What to work on: Output all entries verbatim. Skip pictures.

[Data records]
------------------------------------------------------------------------

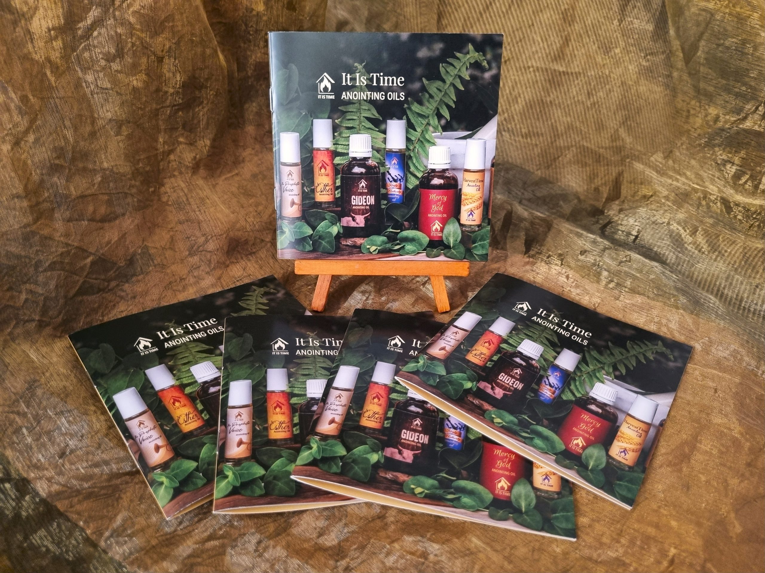 This booklet describes each of the fourteen IT IS TIME Anointing Oils, detailing the inspiration behind each formulation, as well as its prophetic meaning and application. The booklet also contains a ‘How to Use Anointing Oil’ section, based on how anointing oil was used in the Bible, and what it means to be anointed. The back page provides a concise overview of all fourteen oils—their names and meanings—for you as a quick reference.
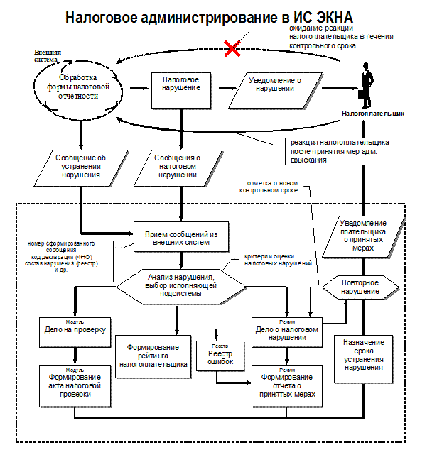 Внешние, по отношению к ИС ЭКНА, информационные системы регистрируют налоговое нарушение при приеме форм налоговой отчетности от налогоплательщика, при этом обеспечивается предварительная обработка налогового нарушения, с целью отсева нарушений, вызванных «техническими» проблемами при обработке налоговой отчетности.
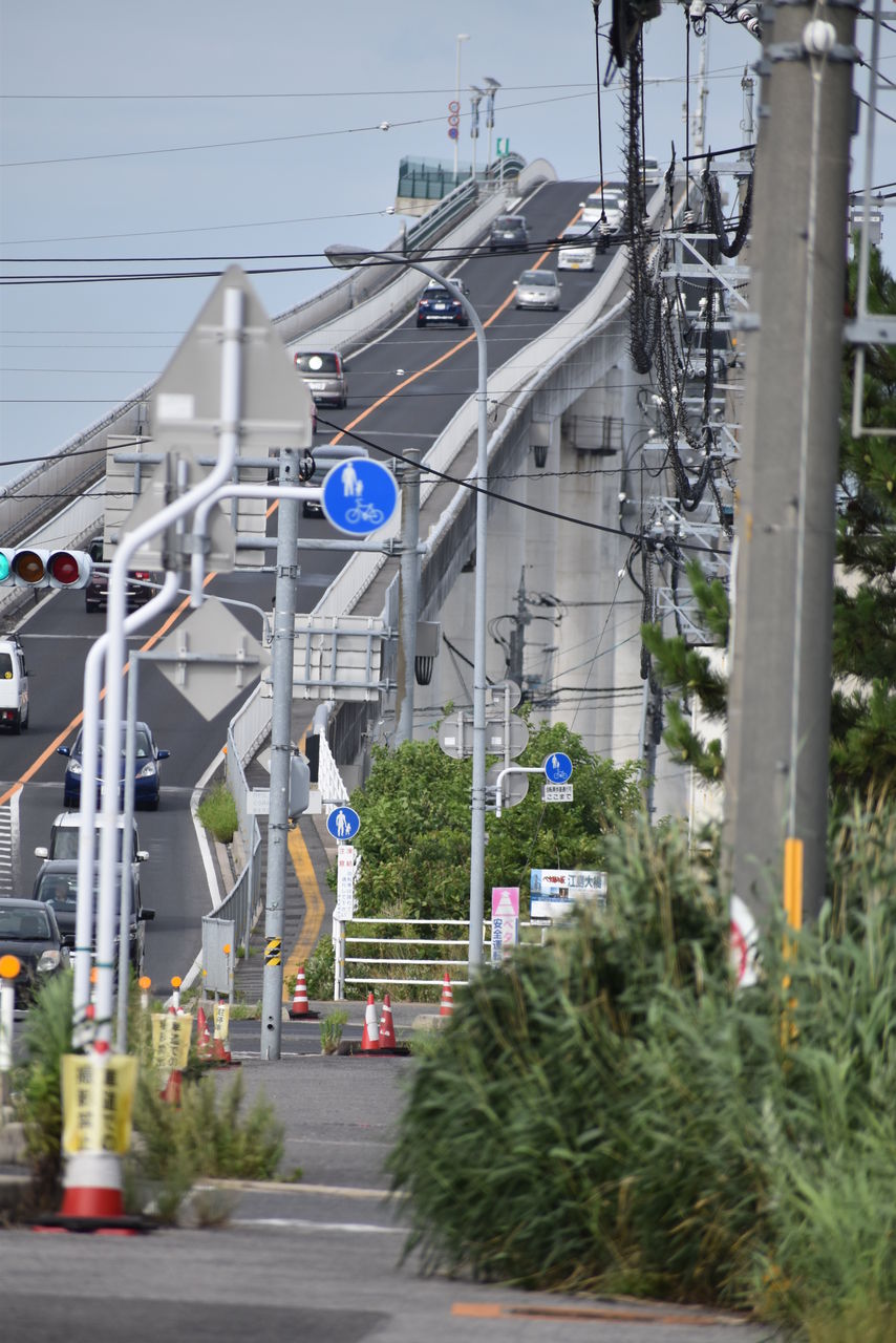 ベタ踏み坂は写真のトリックっぽいですが、江島大橋自体はすごい橋なので一見の価値ありです。遠くからでも見えます。ランドマークとしての側面ありますね。
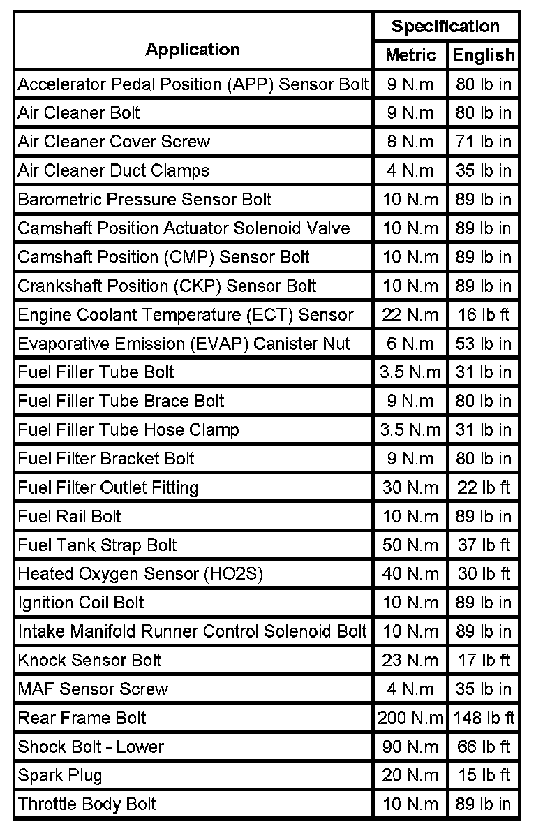 Fastener Tightening Specifications
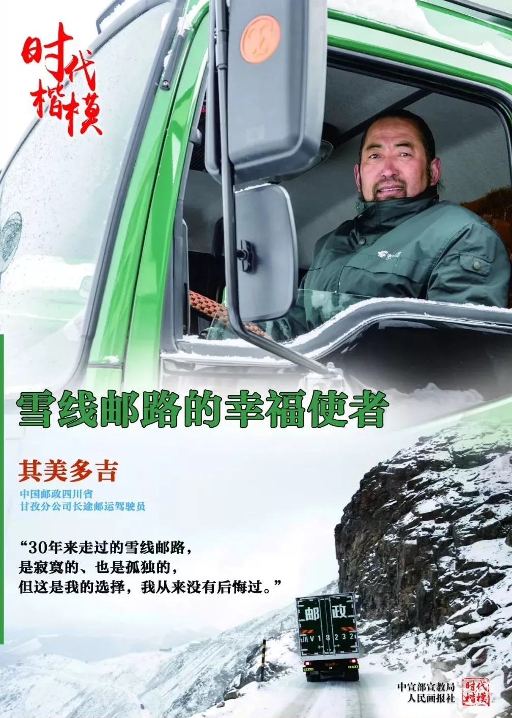 他愛崗敬業(yè),30年如一日,駕駛郵車在平均海拔3500米的雪線郵路上運送郵件,累計行駛里程140多萬公里,沒有發(fā)生一起責(zé)任事故。
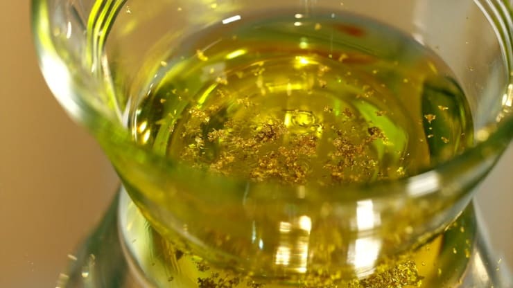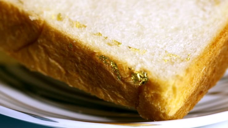 Sau khi được phết bơ lên, bánh mì được quét một lớp gồm hỗn hợp dầu nấm truffle trắng và vảy vàng, giúp làm tăng thêm độ giòn và giúp chiếc bánh thêm lấp lánh, Calderone nói.
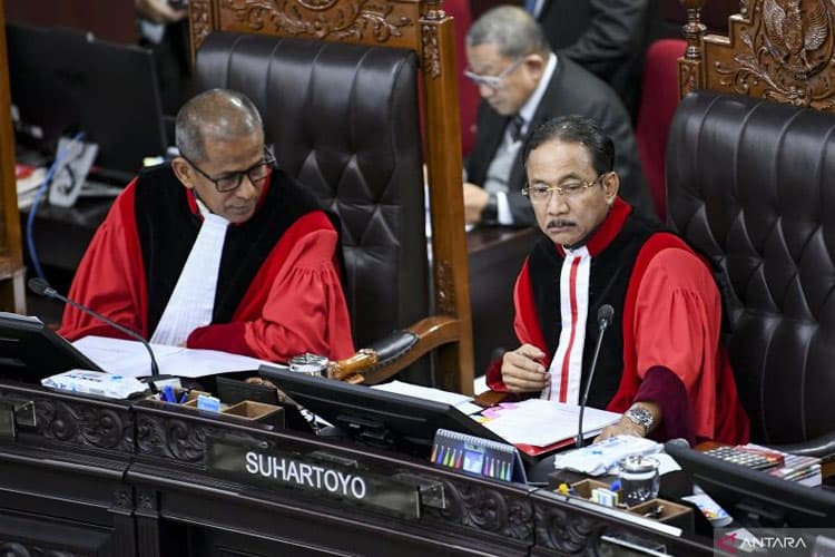 TIMES Natuna/Ketua Mahkamah Konstitusi (MK) Suhartoyo (kanan) bersama Wakil Ketua MK Saldi Isra memimpin sidang pengucapan putusan perkara dilanjutkan atau tidak (dismissal) sengketa Pilkada 2024 di Gedung Mahkamah Konstitusi, Jakarta, Rabu (5/2/2025). (ANTARA)

------------------------------------------------------------------------

Answer area:
 This booklet describes each of the fourteen IT IS TIME Anointing Oils, detailing the inspiration behind each formulation, as well as its prophetic meaning and application. The booklet also contains a ‘How to Use Anointing Oil’ section, based on how anointing oil was used in the Bible, and what it means to be anointed. The back page provides a concise overview of all fourteen oils—their names and meanings—for you as a quick reference.
 Внешние, по отношению к ИС ЭКНА, информационные системы регистрируют налоговое нарушение при приеме форм налоговой отчетности от налогоплательщика, при этом обеспечивается предварительная обработка налогового нарушения, с целью отсева нарушений, вызванных «техническими» проблемами при обработке налоговой отчетности.
 ベタ踏み坂は写真のトリックっぽいですが、江島大橋自体はすごい橋なので一見の価値ありです。遠くからでも見えます。ランドマークとしての側面ありますね。
 Fastener Tightening Specifications
 他愛崗敬業(yè),30年如一日,駕駛郵車在平均海拔3500米的雪線郵路上運送郵件,累計行駛里程140多萬公里,沒有發(fā)生一起責(zé)任事故。
 Sau khi được phết bơ lên, bánh mì được quét một lớp gồm hỗn hợp dầu nấm truffle trắng và vảy vàng, giúp làm tăng thêm độ giòn và giúp chiếc bánh thêm lấp lánh, Calderone nói.
 TIMES Natuna/Ketua Mahkamah Konstitusi (MK) Suhartoyo (kanan) bersama Wakil Ketua MK Saldi Isra memimpin sidang pengucapan putusan perkara dilanjutkan atau tidak (dismissal) sengketa Pilkada 2024 di Gedung Mahkamah Konstitusi, Jakarta, Rabu (5/2/2025). (ANTARA)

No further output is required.